§ **YOUR GOAL**
Your task is to repeat all of the data exactly while excluding the pictures.

──────── SUPPLIED DATA

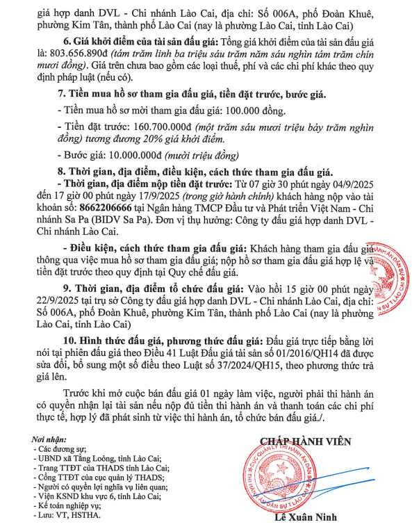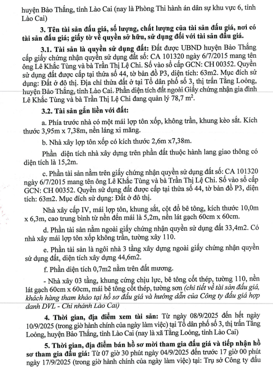 THÔNG BÁO BÁN ĐẤU GIÁ TÀI SẢN TẠI CHI NHÁNH LÀO CAI
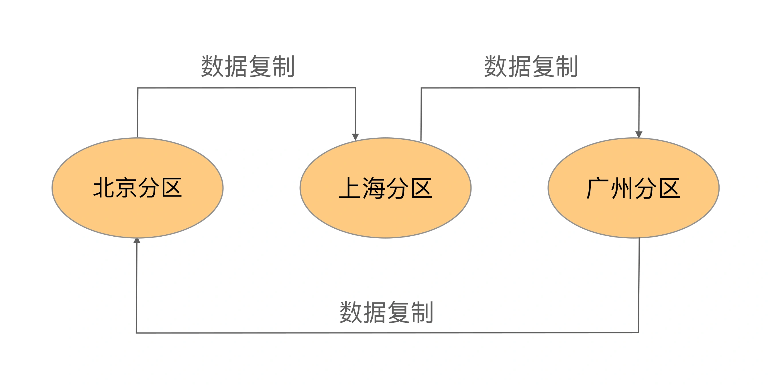 通常情况下,洲际分区主要用于面向不同大洲提供服务,由于跨洲通讯的网络延迟已经大到不适合提供在线服务了,因此洲际间的数据中心可以不互通或者仅仅作为备份;国家分区主要用于面向不同国家的用户提供服务,不同国家有不同语言、法律、业务等,国家间的分区一般也仅作为备份;城市分区由于都在同一个国家或者地区内,网络延迟较低,业务相似,分区同时对外提供服务,可以满足业务异地多活之类的需求。 - 复制规则
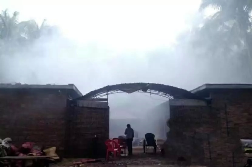 熏制槟榔的车间不堪入目:屋顶四壁焦黑。
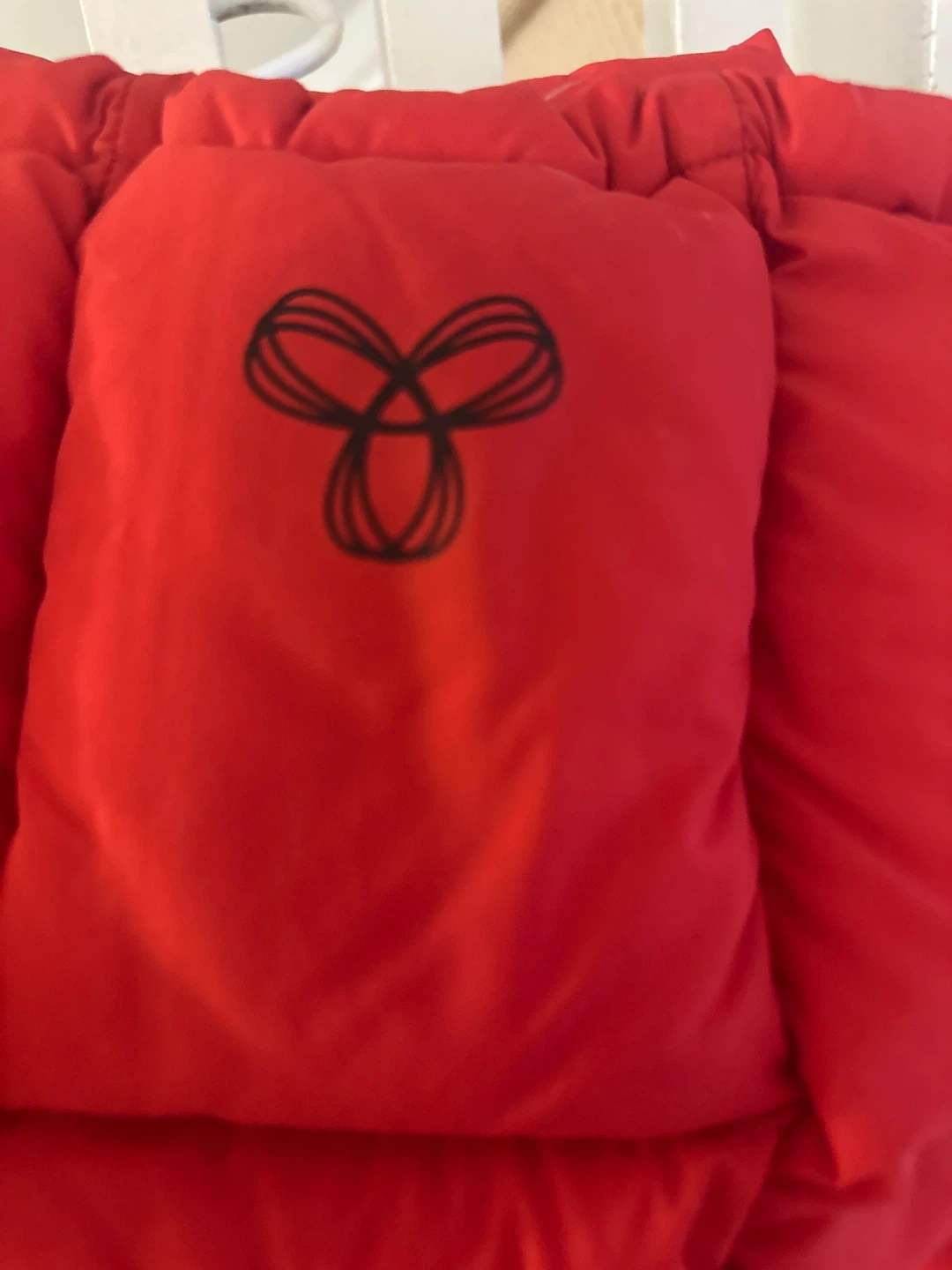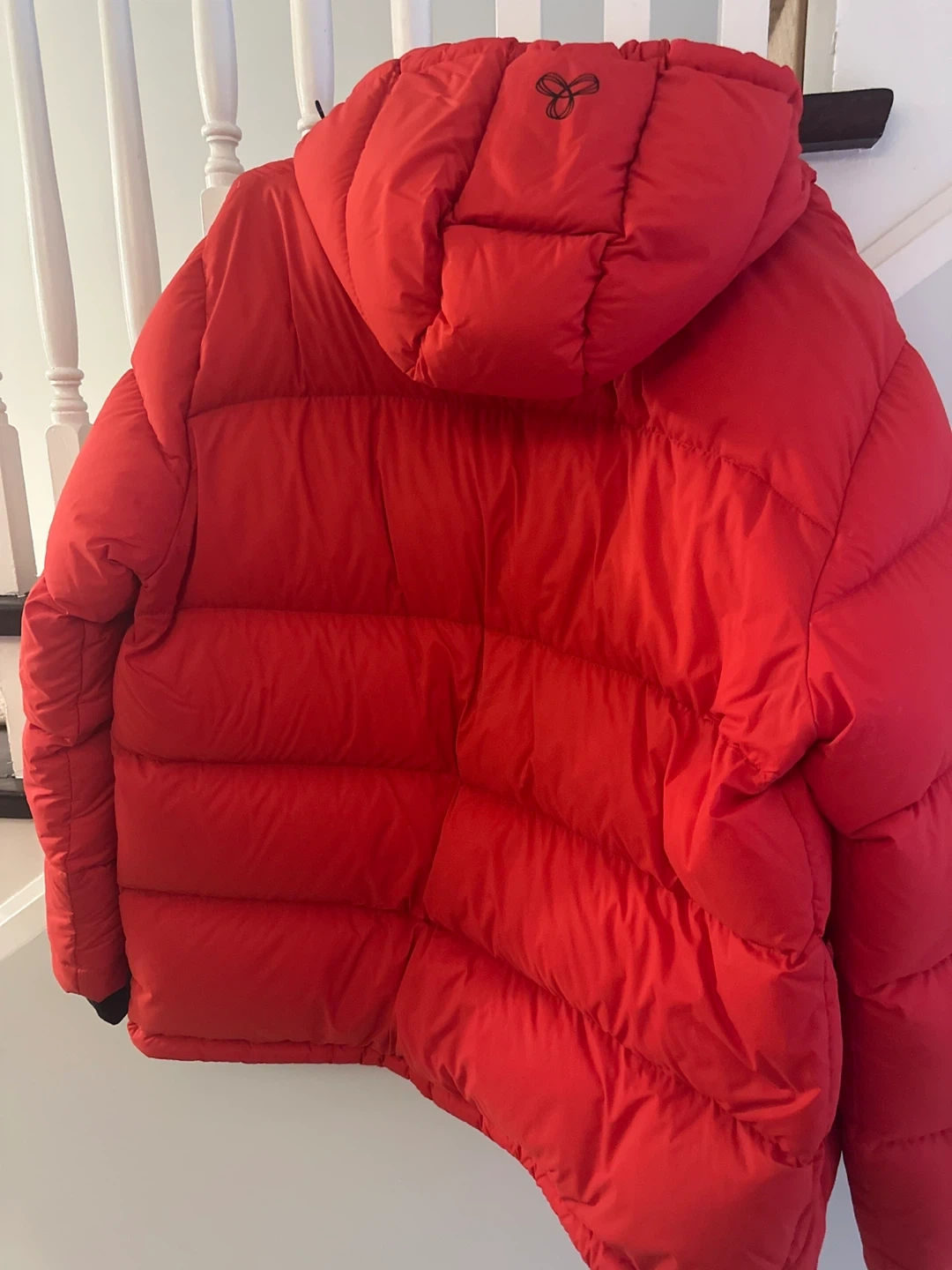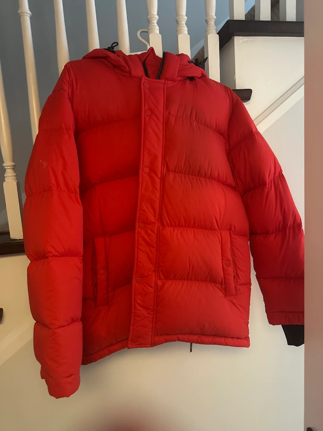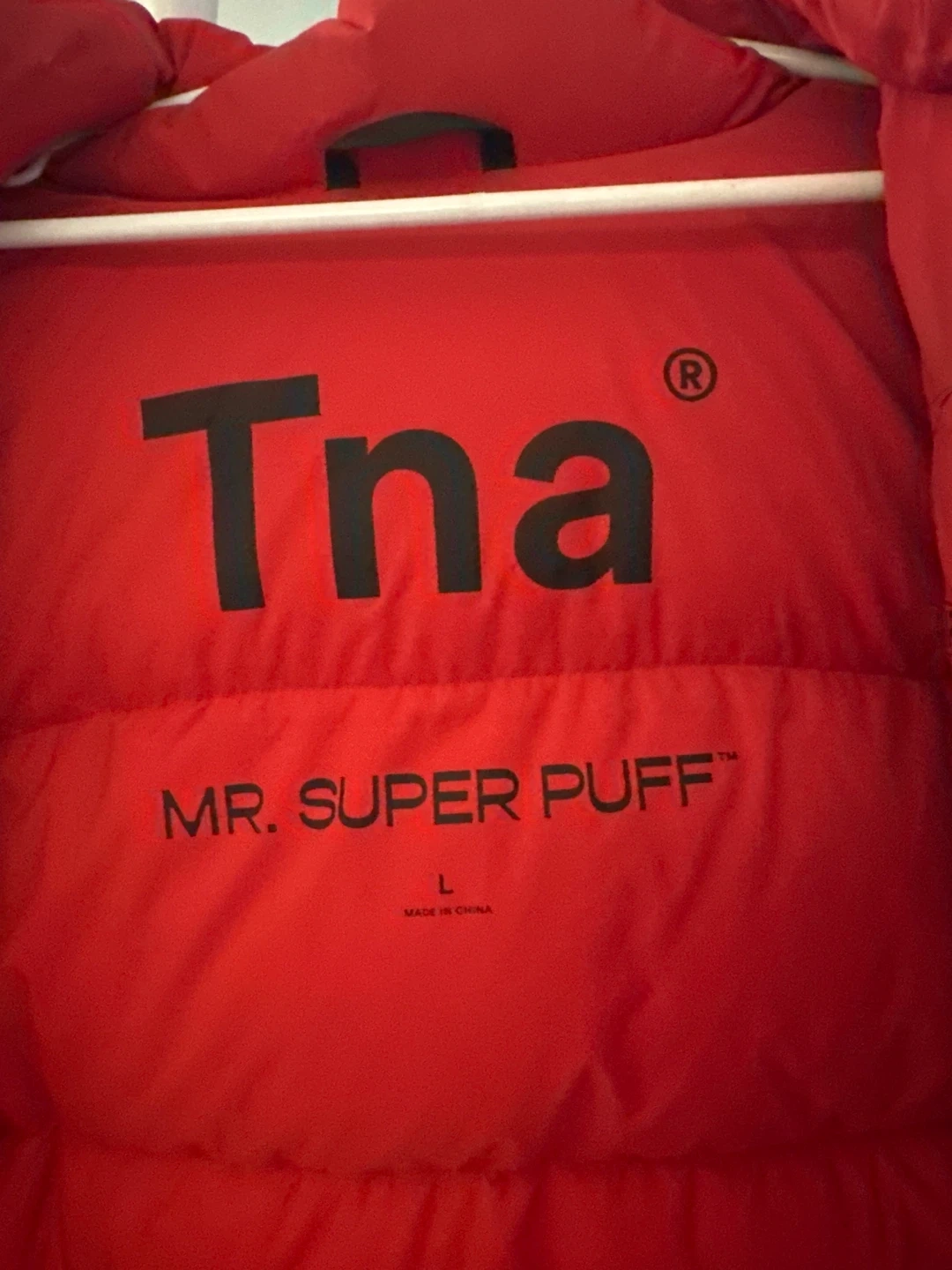 This Tna puffer jacket is a bright red colour. It's a size large and perfect for staying warm in colder weather.

────────────────

§ **FINISHED TASK**
 THÔNG BÁO BÁN ĐẤU GIÁ TÀI SẢN TẠI CHI NHÁNH LÀO CAI
 通常情况下,洲际分区主要用于面向不同大洲提供服务,由于跨洲通讯的网络延迟已经大到不适合提供在线服务了,因此洲际间的数据中心可以不互通或者仅仅作为备份;国家分区主要用于面向不同国家的用户提供服务,不同国家有不同语言、法律、业务等,国家间的分区一般也仅作为备份;城市分区由于都在同一个国家或者地区内,网络延迟较低,业务相似,分区同时对外提供服务,可以满足业务异地多活之类的需求。 - 复制规则
 熏制槟榔的车间不堪入目:屋顶四壁焦黑。
 This Tna puffer jacket is a bright red colour. It's a size large and perfect for staying warm in colder weather.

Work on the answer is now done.